Before designing the solution, design the problem
The human mind is not very well with statistics or calculations. Give it some calculations and your pupils will dilate. Don’t believe me - try 9*13 or google the following keywords
Add-3 experiment, Attention and Effort, Thinking Fast and Slow, Daniel Kahneman.
What it is actually good at - visualizing things, remembering relations and meanings, understanding stories. Just try to cram a random number and you will forget it after some time. I had remembered this random number 9462 some months back. My technique to remember it was
- It is a 4-digit number
- The first two digits are 94, a year after my birth (93)
- The third digit is a flip of 9 -> 6
- The fourth digit is half of the second digit 4/2 -> 2
Maybe, it was overkill but I remember this number even now. I am actually very bad at remembering pins otherwise. Though, this is not a pin I use anywhere (e.g., my phone or credit card) - so don’t try.
I think it’s enough background. My primary job is to provide solutions to problems of my customers and my colleagues. For this, there is one approach that I really follow. Though this applies to any kind of problem, here I will talk specifically from the perspective of Data Architect.
Whenever I come across a problem statement, I first try to create a visual picture/diagram of it. This way I can
- get a high-level view of the problem statement at hand
- get my understanding validated with the problem stater(s)
- decide whether the original problem is actually the right problem or needs reframing
- find the missing links and point the missing information
- note the assumptions, which are not present otherwise
- discuss it with various kind of people - engineers, product/project managers, salespeople, or non-tech stakeholders
- get the framework of the solution ready
Before even coming up with the solution, it is very important to get the problem right. Jumping directly to solve the problem can lead to a solution that solves something else and not the original problem in hand. The idea is to cover the breadth and then the depth of the problem.
The mechanism
Let’s understand the process with an example
A company wants to create an AI product recommendation engine for its retail customers. They want to use their existing Campaign Manager to send personalized product recommendations to their customers via channels like Email, SMS, Push notifications of Mobile application.

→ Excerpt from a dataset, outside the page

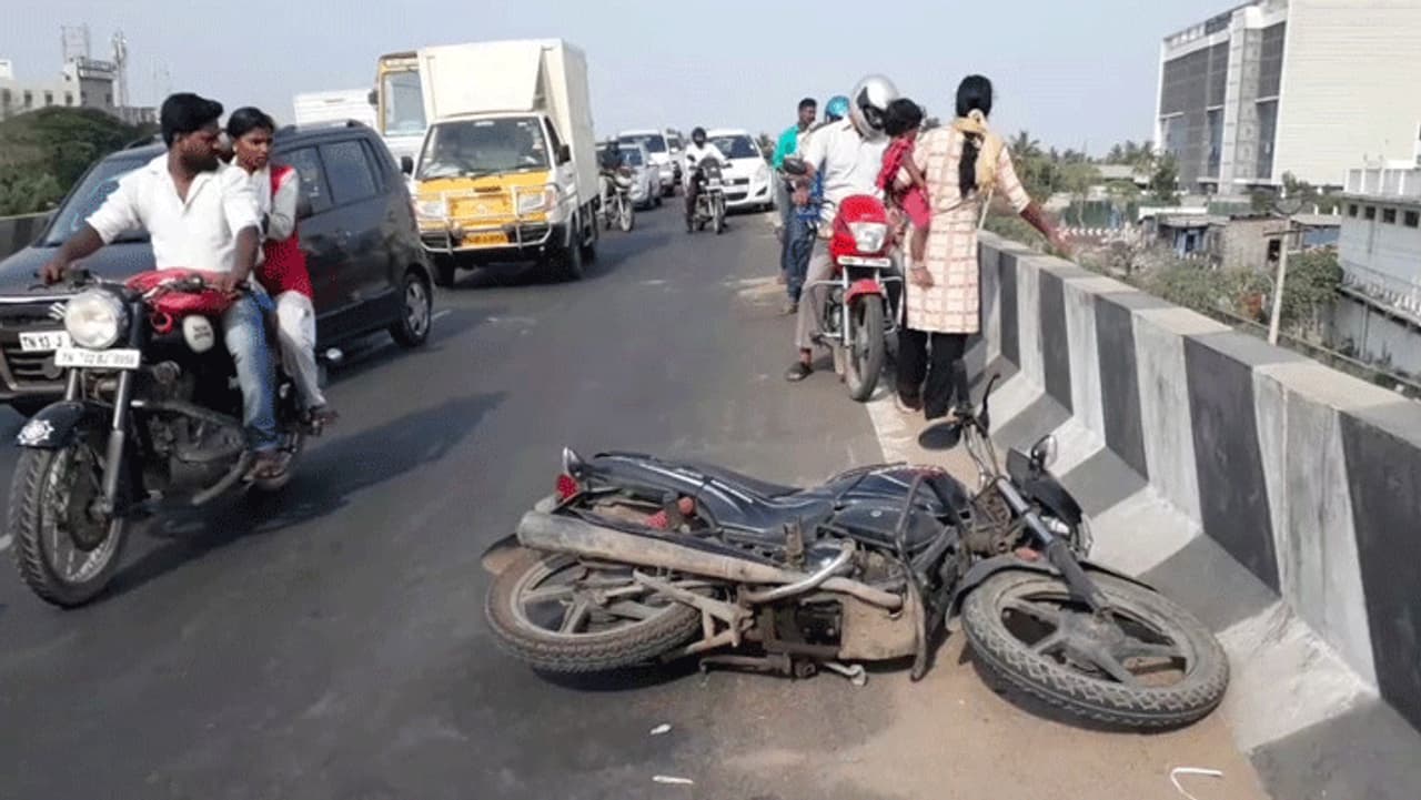 அப்போது பின்னால் வேகமாக வந்த லாரி ஒன்று உரசிச் சென்றதால் நிலைதடுமாறி இருசக்கர வாகனத்தில் இருந்த சாய்சந்தோஷ் பாலத்தில் இருந்து கீழே விழுந்தார். தந்தை சந்திரசேகர் பாலத்திலேயே கீழே விழுந்தார். மேம்பாலத்தில் இருந்து கீழே விழுந்த சாய் சந்தோஷ் படுகாயமடைந்து ரத்த வெள்ளத்தில் மயங்கிய நிலையில் கிடந்தார். இதனை கண்டு அதிர்ச்சி அடைந்த தந்தை பெற்ற மகனை மார்பில் அணைத்து கதறினார். இதனையடுத்து உடனே ஆம்புலன்ஸ் வரவழைக்கப்பட்டு தனியார் மருத்துவமனையில் அனுமதிக்கப்பட்டு அவருக்கு தீவிர சிகிச்சை அளிக்கப்பட்டு வருகிறது.

Step 1: Put down all the components
My intent at this step is to understand the high-level use case and come up with follow-up questions to understand different aspects of it. So, I come up with the following questions
- Does any kind of recommendation exist today? If yes, what is the setup?
- Recommendation Engine involves a Machine Learning model. To build that what data is available and where is it?

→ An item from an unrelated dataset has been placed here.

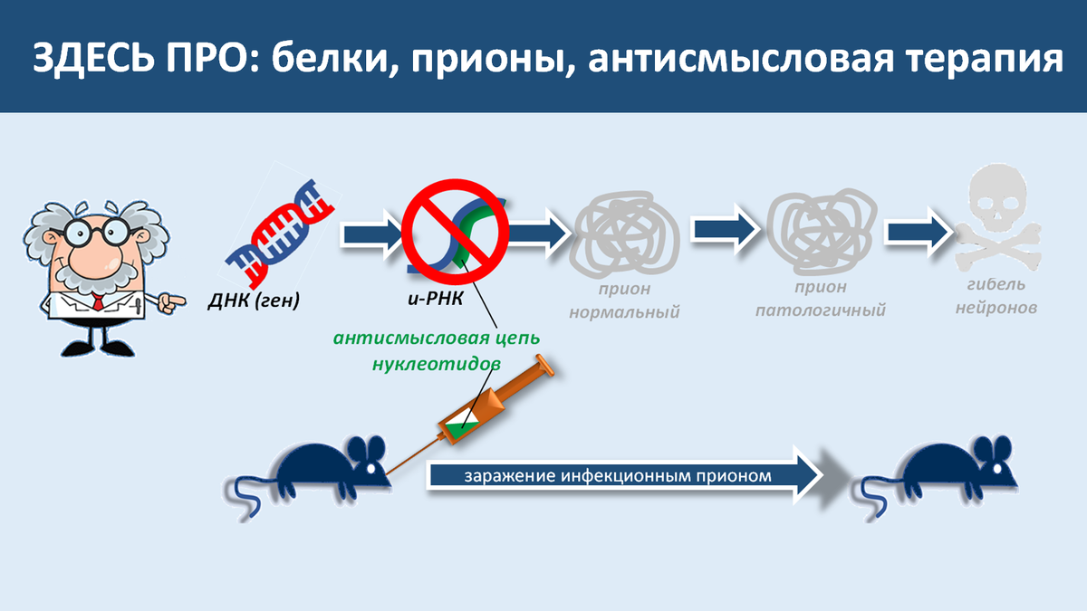Напугала я вас статьёй про прионы? Сама боюсь. Кому же хочется, чтобы его головной мозг стал похож на швейцарский дырявый сыр? И самое ужасное, что лекарства от этой напасти нет! Пока нет. Однако поиски его ведутся. Группа учёных из университетов Оксфорда, Массачусетса и Гарварда попробовали справиться с развитием прионного заболевания. Информация о результатах этой попытки была опубликована в журнале Nucleic Acids Research издательства Оксфордского университета 4 ноября 2020 года. Известно, что один из ведущих специалистов в этой научной группе сам страдает от прионного заболевания, что безусловно добавило драматизма в работу всей команды. В качестве подопытного организма были выбраны мыши, которых сначала заражали инфекционными прионами, а потом проверяли на них действие новой терапии. Напомню, что прионы - это на сегодняшний день единственные известные инфекционные агенты, не являющиеся организмами. Они - не вирусы, не бактерии, не грибы, не простейшие. Они - белки. Молекулы. Всег

- Where will the infrastructure be hosted? On some cloud or on-premise?
- How does the existing Campaign Manager work?
The customer (the client) tells me that the data is stored in their transactional databases. They do their current analytics directly on them and don’t currently have any sort of analytics database. The databases are hosted on-premise in their data center. They want to use AWS for this use case. The current campaign manager works as software hosted on AWS only where they upload customers' offers for the campaigns.

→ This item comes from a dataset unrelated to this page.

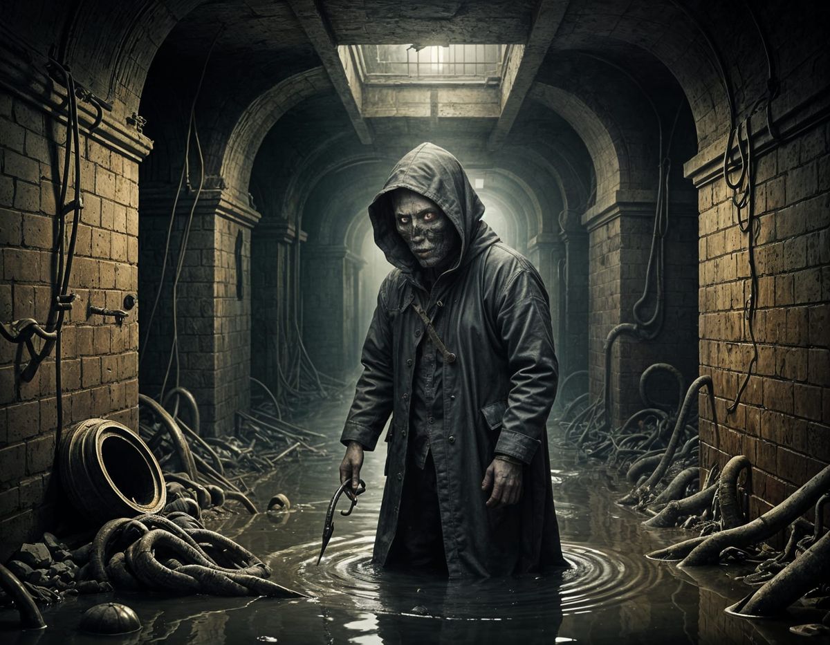 This image depicts dark creatures lurking in a sewer, rendered in a surreal and photorealistic style. The concept art evokes a sense of damage and loss within a distorted reality.

Step 2: Fill up more details
Subsequent steps:
Keep going deep to understand all the components, constraints, requirements, and details required to come up with the right solution and architecture.
See, this is the way I approach a problem no matter how hard it is. Our brain can better comprehend this way and the analytical part of our brain can really complement it with the details required to design the right solution.
So, always keep a pen and diary with you. Who knows a problem comes and you need to doodle.